(The problem):
Write out exactly, and only, the lines below from the line with "Travail : perles" through the line with "기자는 명단에 없었다. |"; pictures do not belong in the copy.

(Records supplied):
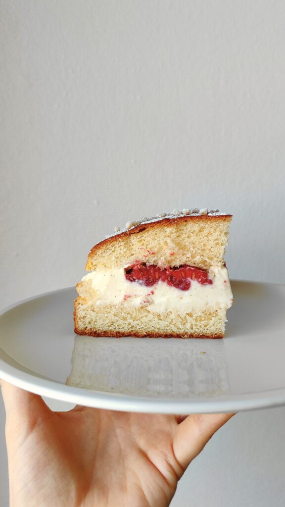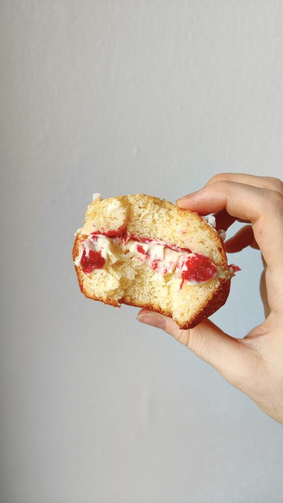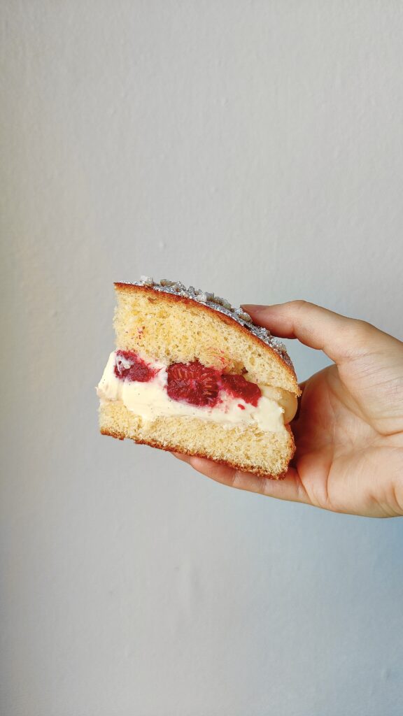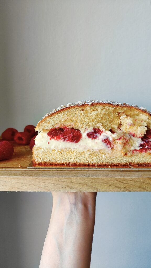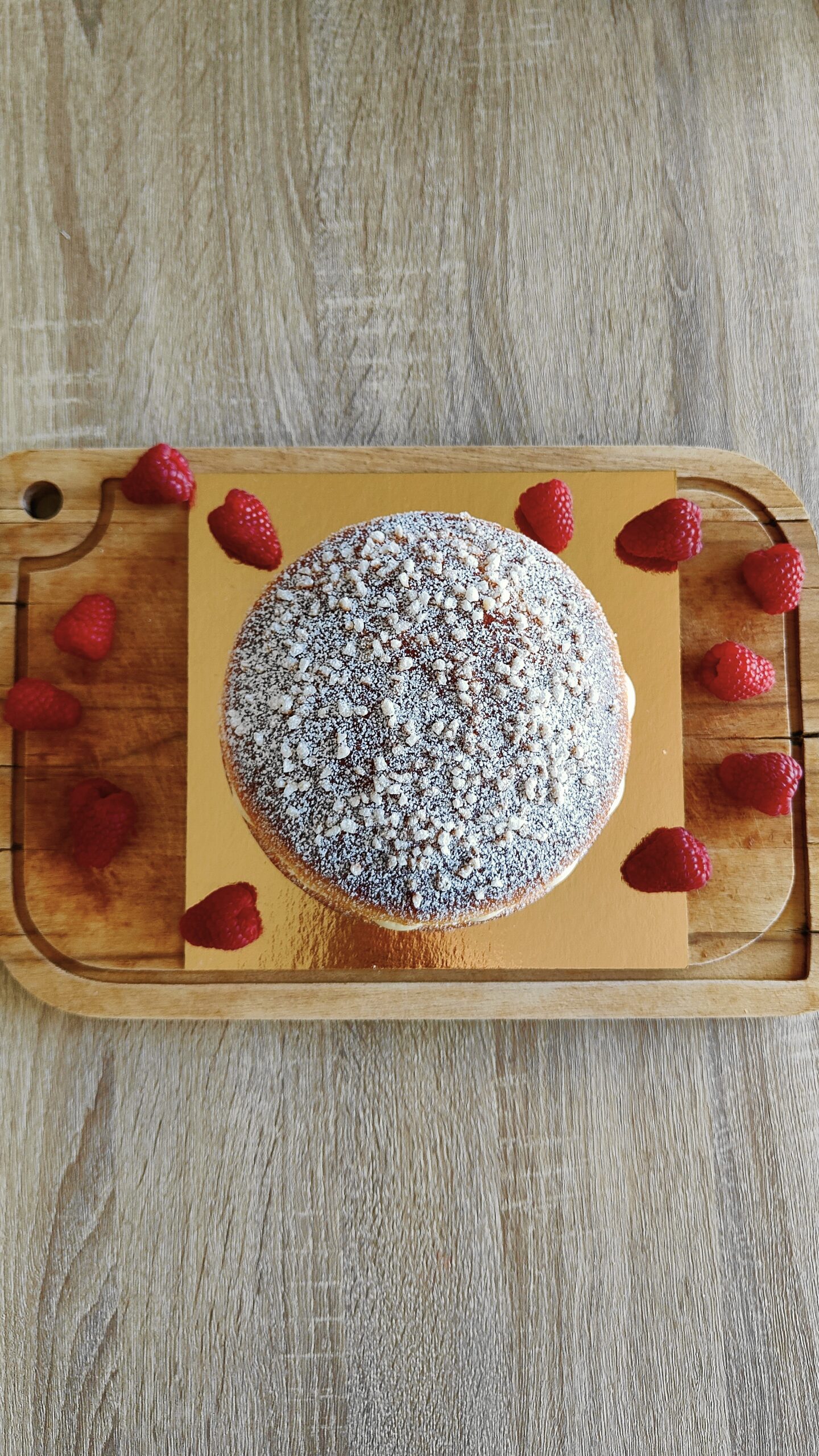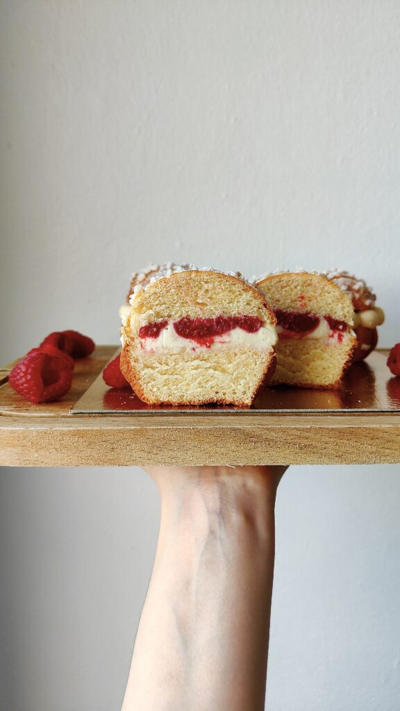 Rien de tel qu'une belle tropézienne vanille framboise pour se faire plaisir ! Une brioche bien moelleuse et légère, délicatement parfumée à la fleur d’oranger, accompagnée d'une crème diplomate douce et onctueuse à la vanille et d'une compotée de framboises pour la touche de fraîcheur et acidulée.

--

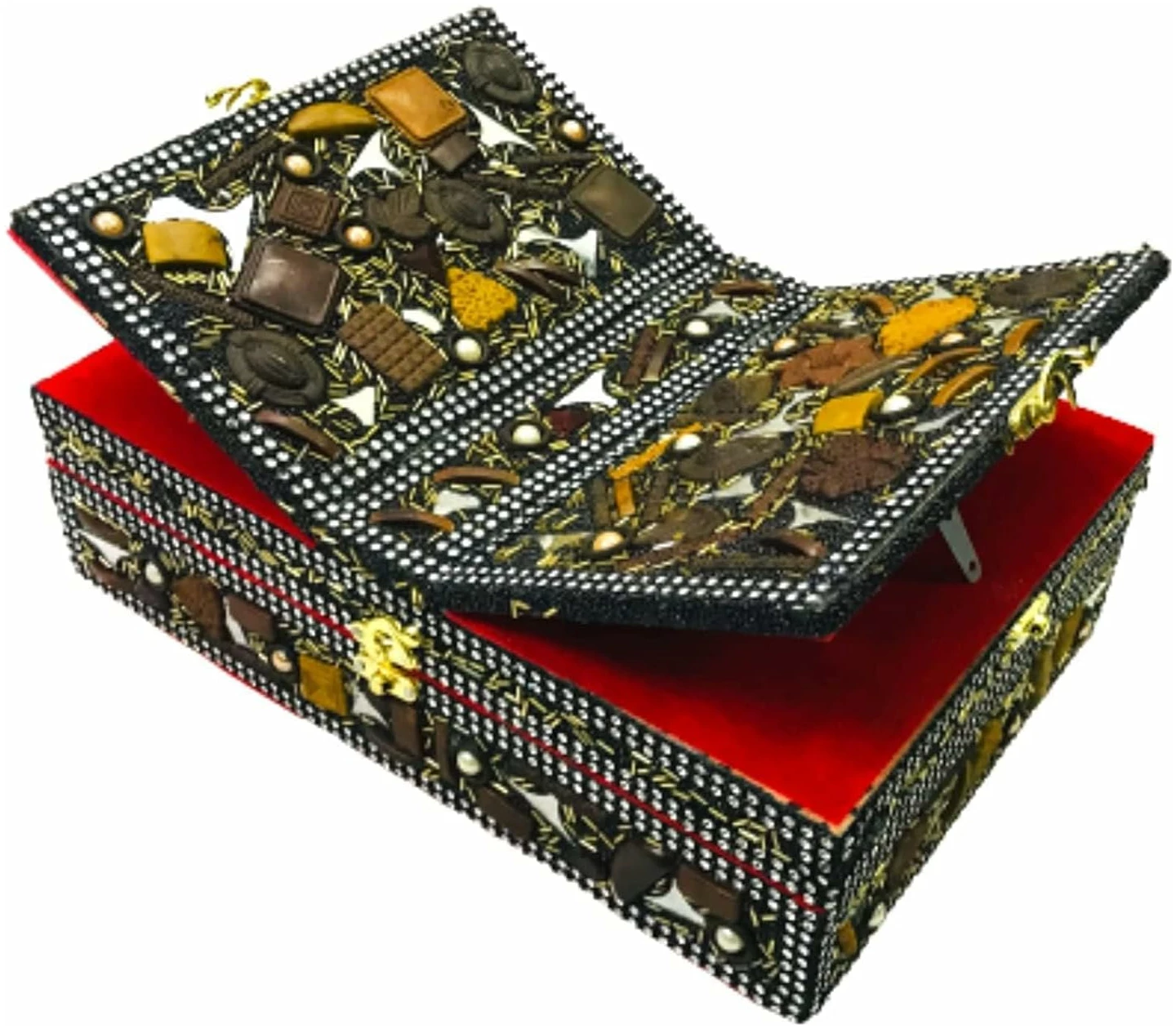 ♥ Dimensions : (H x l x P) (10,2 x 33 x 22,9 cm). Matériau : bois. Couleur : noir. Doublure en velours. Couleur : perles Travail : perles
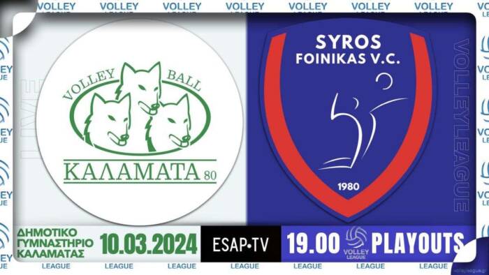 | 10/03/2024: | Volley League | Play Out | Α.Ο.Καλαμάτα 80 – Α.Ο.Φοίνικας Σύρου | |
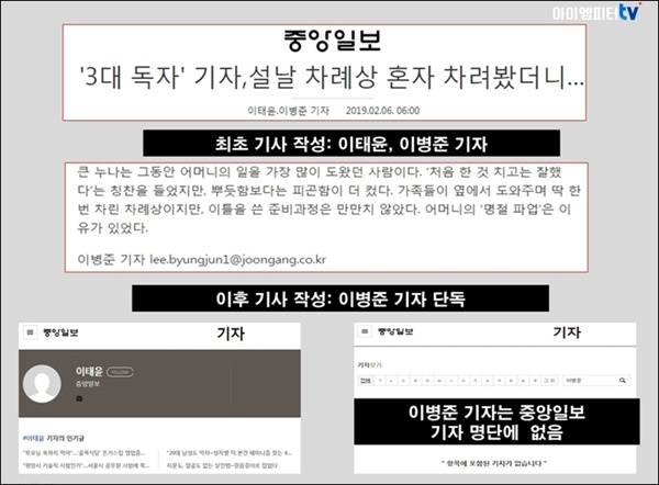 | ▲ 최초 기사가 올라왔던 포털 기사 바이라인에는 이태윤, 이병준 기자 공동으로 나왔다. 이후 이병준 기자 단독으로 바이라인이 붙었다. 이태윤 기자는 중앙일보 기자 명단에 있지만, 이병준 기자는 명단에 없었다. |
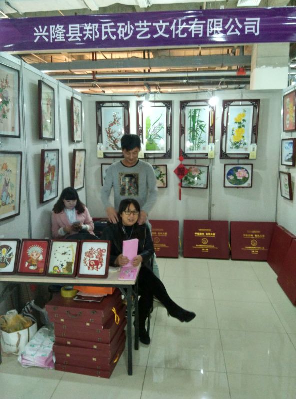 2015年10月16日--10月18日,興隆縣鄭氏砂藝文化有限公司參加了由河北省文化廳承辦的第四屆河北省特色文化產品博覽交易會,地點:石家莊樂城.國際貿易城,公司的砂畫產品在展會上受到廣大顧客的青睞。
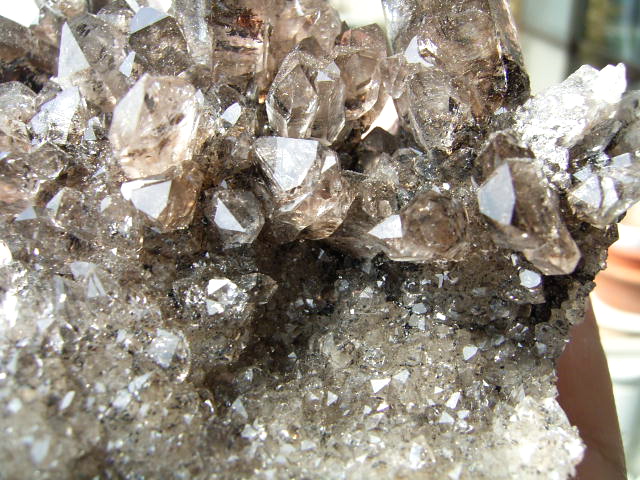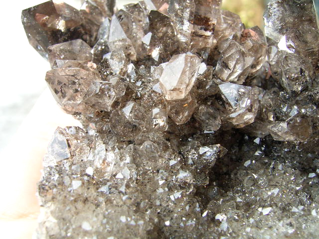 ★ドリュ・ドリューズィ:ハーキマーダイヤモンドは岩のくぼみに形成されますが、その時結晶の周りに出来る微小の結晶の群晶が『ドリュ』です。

(Solution to this task):
 ♥ Dimensions : (H x l x P) (10,2 x 33 x 22,9 cm). Matériau : bois. Couleur : noir. Doublure en velours. Couleur : perles Travail : perles
 | 10/03/2024: | Volley League | Play Out | Α.Ο.Καλαμάτα 80 – Α.Ο.Φοίνικας Σύρου | |
 | ▲ 최초 기사가 올라왔던 포털 기사 바이라인에는 이태윤, 이병준 기자 공동으로 나왔다. 이후 이병준 기자 단독으로 바이라인이 붙었다. 이태윤 기자는 중앙일보 기자 명단에 있지만, 이병준 기자는 명단에 없었다. |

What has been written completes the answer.